As I was double timing it out of my stand to go see what was wrong I heard it again! Now I was really worried and jumped the last step down, slung the rifle and started off on a trot to see what was going on. It was pretty clear going. That's why the sound had carried, even in the sound deadening fog.
About half way there, I met my son going the other way, fast! He didn't even slow down and as he went by, he said "Come on dad!"
"What is it?", I asked him. "I don't know.", he said, and kept on going. I had to run a couple of steps to catch up and stop him.
"What happened?", I asked again. "Something's back there and we need to get to the truck quick! I wanna go home!"
"What do you mean, "Something's back there."?" He said, "Didn't you hear it?" Well now I was confused.
Okay, time to stop, take a breath. Talk.
Since he kept edging away (he was definitely going to the truck!) I started walking with him and told him I had heard a couple of deer snorts, but I had heard a scream that I thought might have been him!. He stopped and looked at me and said, "Deer snorts? Is that what that was?" Oh, no ... I'm starting to get an itch in my laughing gear about this time. "Yeah, I think that's what I heard. We've heard 'em before," I said.
He gets this look on his face and kinda looks down. "That was me you heard scream. I didn't even think it might be deer. They were coming through the brush like bulldozers and got me real scared. Then they stopped just a few feet away and made that Gawd-awful steamwhistle noise and started stompingthe ground I couldn't even see them and it just scared the pooh outta me! I jumped out of the stand and took off!"
Jumped out of the stand? "Say, you jumped out of the stand?" "Yessir" Oh, did I forget to mention that I was in a ladder stand, but he was in a climber? He jumped out of the stand?

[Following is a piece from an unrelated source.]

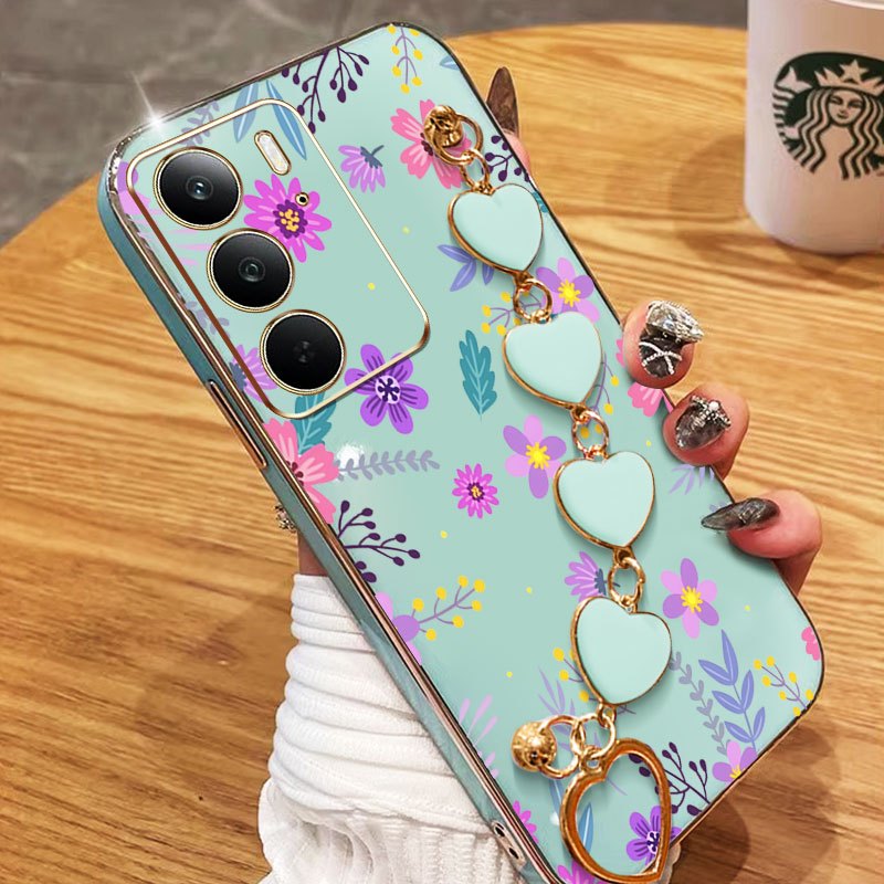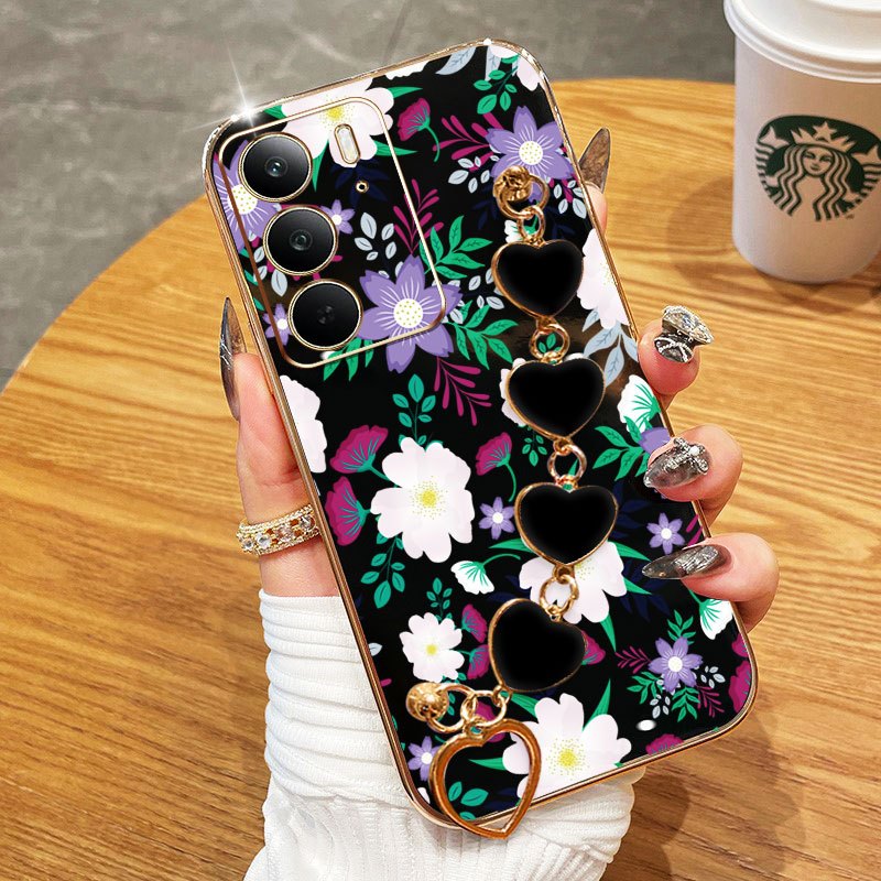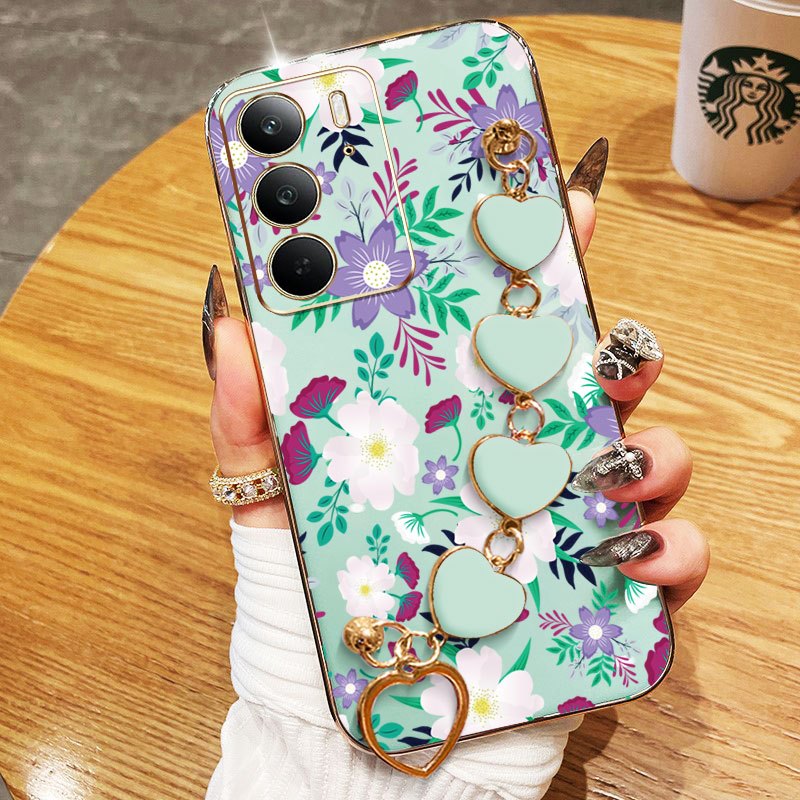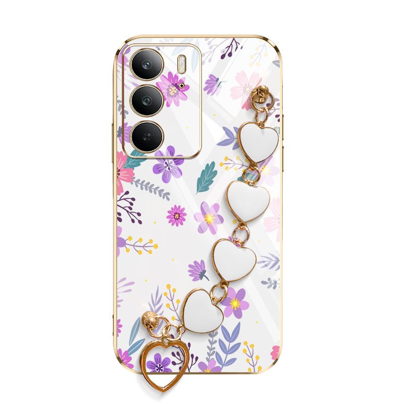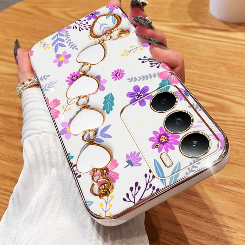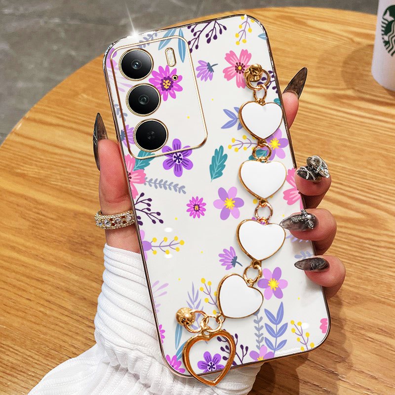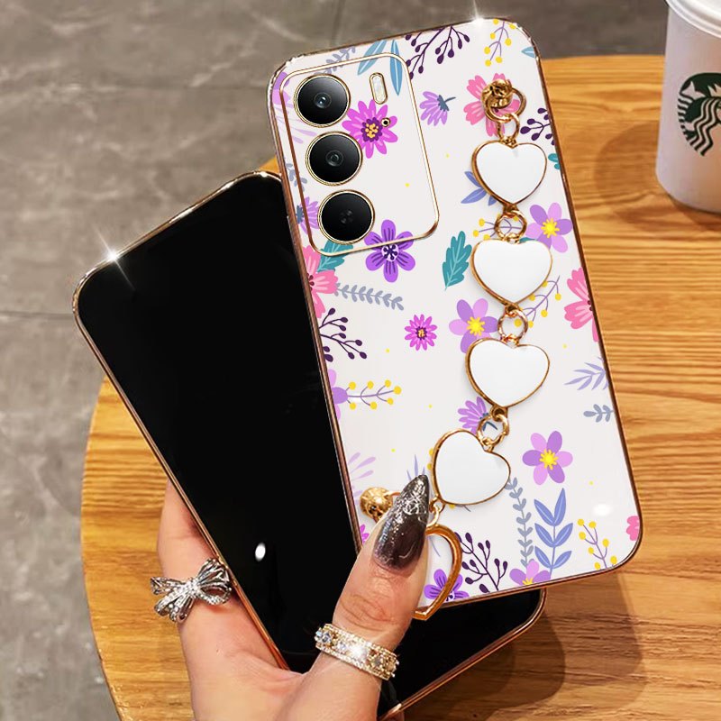 Capa De Telefone YBD Para OPPO A5 A5i Pro 4G 5G Pulseira Em Formato De Coração Com Tela Cheia Flores Frescas Roxas

We walked back to his tree and there it was ... about fourteen feet up on a nice big pine tree as pretty as you please. He had leaped for dear life right out of the tree from fourteen feet up, landed on his feet and took off for his life to escape the fog monster!
We went back that afternoon and rescued the climbing stand 'cause I was laughing to hard to help right then! God bless him. I've never let him live it down, just between him and me.
When I asked him why he didn't think it might be safer to stay in the tree, he said he thought it could see him and he didn't know if it could climb. It? Say what? I just let him off the hook. He was embarrassed enough. I still chuckle when I think of it.
PS: The part of his tale of jumping to the ground, landing flat-footed and taking off is another part I just smile about, but at least he came out unharmed, in spite his best efforts to commit suicide.
[This message has been edited by sensop (edited March 19, 2000).]
|March 21, 2000, 03:08 PM||#7|
Join Date: February 4, 2000
sensop, thanks for the post about the deer hunt with your son. That brought back vivid memories of the first time that I ever heard a screech owl when I was a boy.
I'm still wiping away the tears of laughter!
|March 22, 2000, 07:27 AM||#8|
Join Date: December 31, 1999
Location: Middle Georgia
It reminds me of that one remaining primordial cell we all still have, way down in the middle of the brain that kicks in and puts you on automatic for a few seconds.
It's hard to believe that we still have an instinct "switch" that can close so easy. 'Sure can make a fool out of you. But, in the right circumstances it could save your life.
Yep, I just jumped out o'that ol' tree and took off! Well, yeah, I mighta rolled a couple of times when I hit the ground, but I don't remember cause I was haulin' ass!
[This message has been edited by sensop (edited March 22, 2000).]